====== MATERIAL PROVIDED

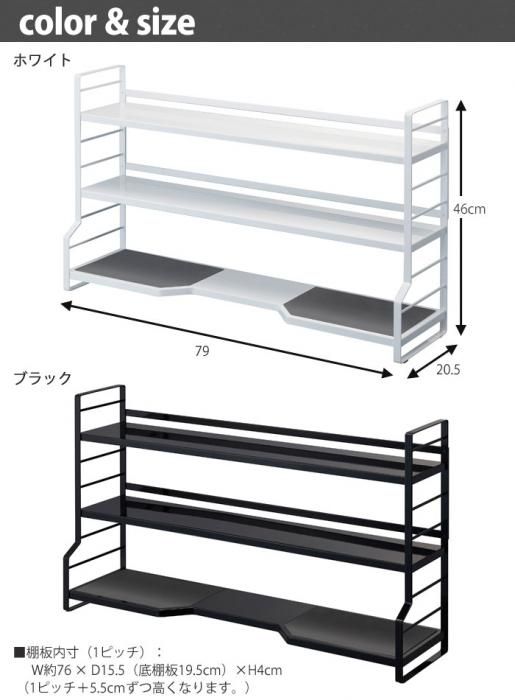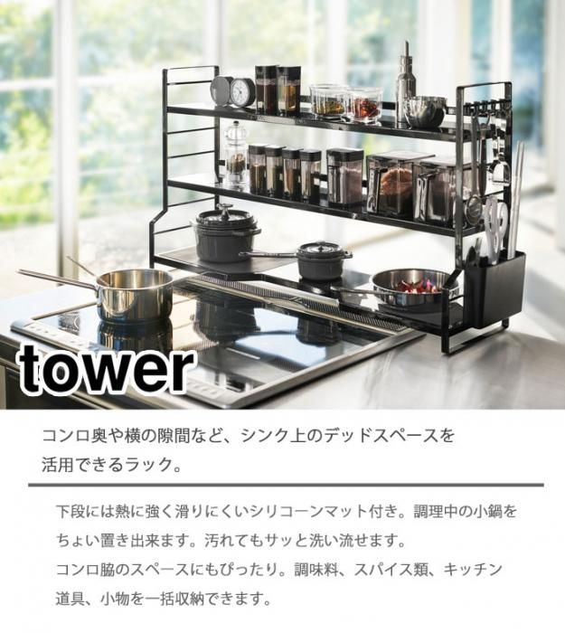 タワー コンロ奥ラック 3段 3593/3594 当日出荷 分類で探す キッチングッズ キッチン収納 すき間収納 ブランドで探す 山崎実業 タワー tower 価格帯(税込) 1万円台の商品 キッチン用品 ラッピング承ります コンロ奥や横の隙間など シンク上のデッドスペースを活用できるラック 鍋やフライパンのちょい置きや調味料やスパイス類などを一括収納できます tower-3593-4 11,990円(税込) tower-3593-4ホワイト11,990円(税込)在庫なしブラック11,990円(税込)在庫なしホワイト(取り寄せ)11,990円(税込)ブラック(取り寄せ)11,990円(税込) 数量 カートに入れる 製品について性能詳細お買い物ガイドクロッカについて 商品説明 コンロ奥や横の隙間など、シンク上のデッドスペースを活用できるラック。下段には熱に強く滑りにくいシリコーンマットがついているので、鍋置きなどにおすすめ。汚れてもサッと洗い流せます。コンロ脇のスペースにもぴったり。調味料類、スパイス類、キッチン道具、小物を一括収納できます。棚の高さは約5cm間隔で変えられて収納するものに合わせてカスタマイズできます。 材質本体:スチール(粉体塗装)、マット:シリコーン、カトラリーポケット:ABS樹脂 耐熱温度本体:200℃、カトラリーポケット:90℃ サイズ約 W79×D20.5×H46cm 対応サイズ幅約76cmまでのビルトインガスコンロ、IHクッキングヒーターに対応 棚板内寸約 W76×D15.5(底棚板19.5)×H4cm(1ピッチ+5.5cmずつ高くなります。) 商品重量約5.4kg 耐荷重各棚:約5kg、フック1つあたり:約500g 備考付属品:フック×5組立式 ブランド 製造元tower -タワー 山崎実業RERATED ITEMS関連商品タワー コンロ奥ラック L 7218/7219タワー コンロ奥ラック S 7220/7221タワー キッチンコーナーラック 7453/7454
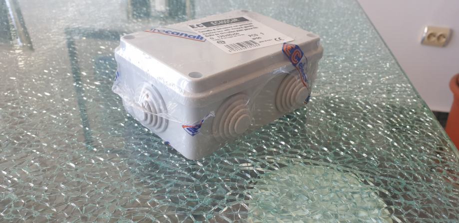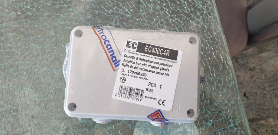 Nadžbukna (N/O) razvodna kutija, proizvođača Elettrocanali, izrađena od ABS plastike sive boje RAL7035, dimenzija 120 x 80 x 50 mm, sa zaštitom IP55 i IK08, ima 6 M25 gumenih uvodnica i vijčani poklopac.
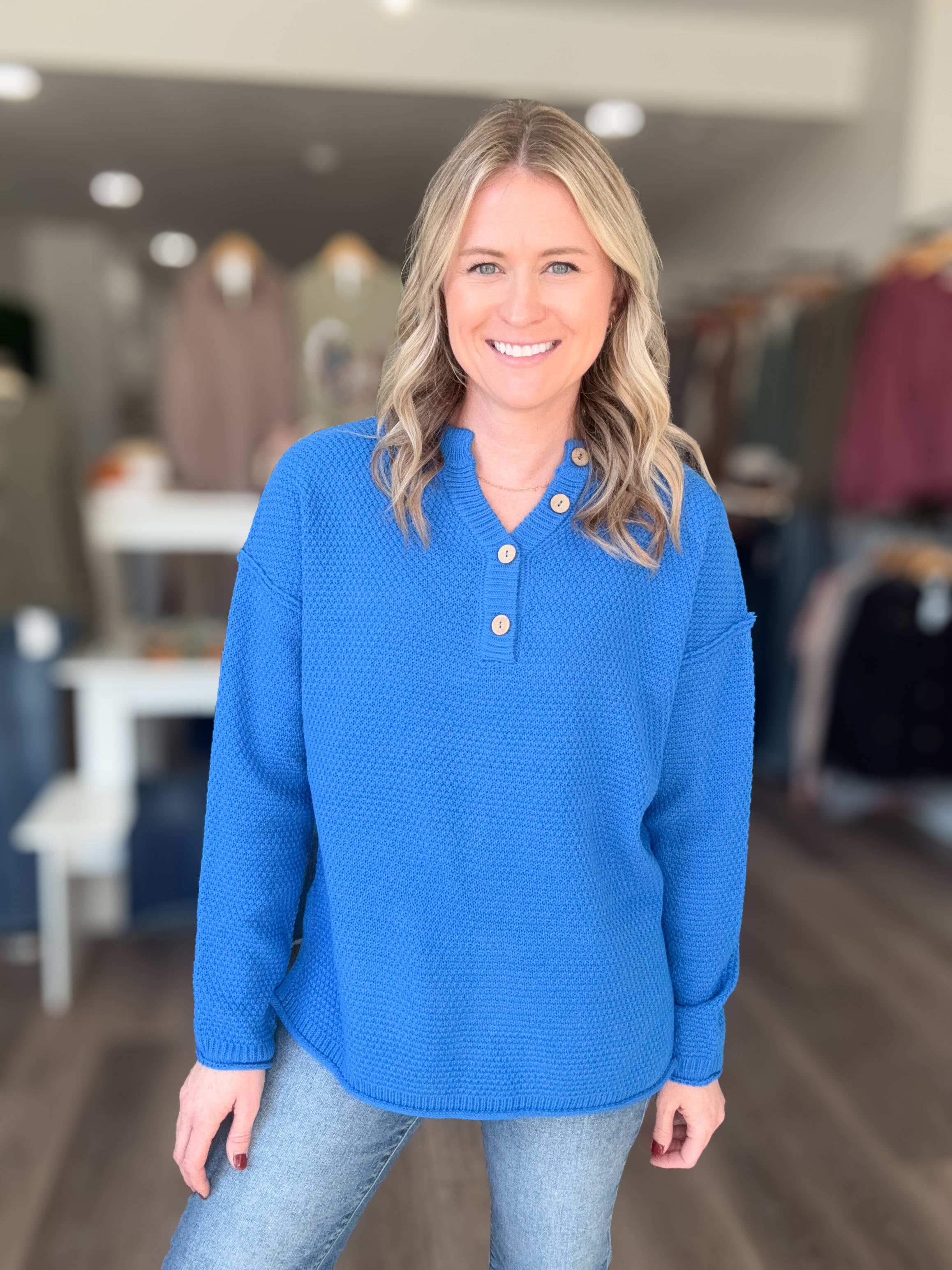 Cozy meets classic in this timeless Henley Buttoned Sweater — the perfect everyday piece for effortless fall and winter style. Designed with a textured knit and a 4-button Henley neckline, this midweight sweater delivers both warmth and breathability. Its relaxed silhouette makes it easy to layer or wear solo, while the high-quality knit ensures long-lasting comfort and durability.

============

#### YOUR INSTRUCTIONS
Would you restate word for word each line from the one that holds "Nadžbukna (N/O) razvodna" to the end of the material, both ends included, without the pictures?

#### SOLVED EXERCISE
 Nadžbukna (N/O) razvodna kutija, proizvođača Elettrocanali, izrađena od ABS plastike sive boje RAL7035, dimenzija 120 x 80 x 50 mm, sa zaštitom IP55 i IK08, ima 6 M25 gumenih uvodnica i vijčani poklopac.
 Cozy meets classic in this timeless Henley Buttoned Sweater — the perfect everyday piece for effortless fall and winter style. Designed with a textured knit and a 4-button Henley neckline, this midweight sweater delivers both warmth and breathability. Its relaxed silhouette makes it easy to layer or wear solo, while the high-quality knit ensures long-lasting comfort and durability.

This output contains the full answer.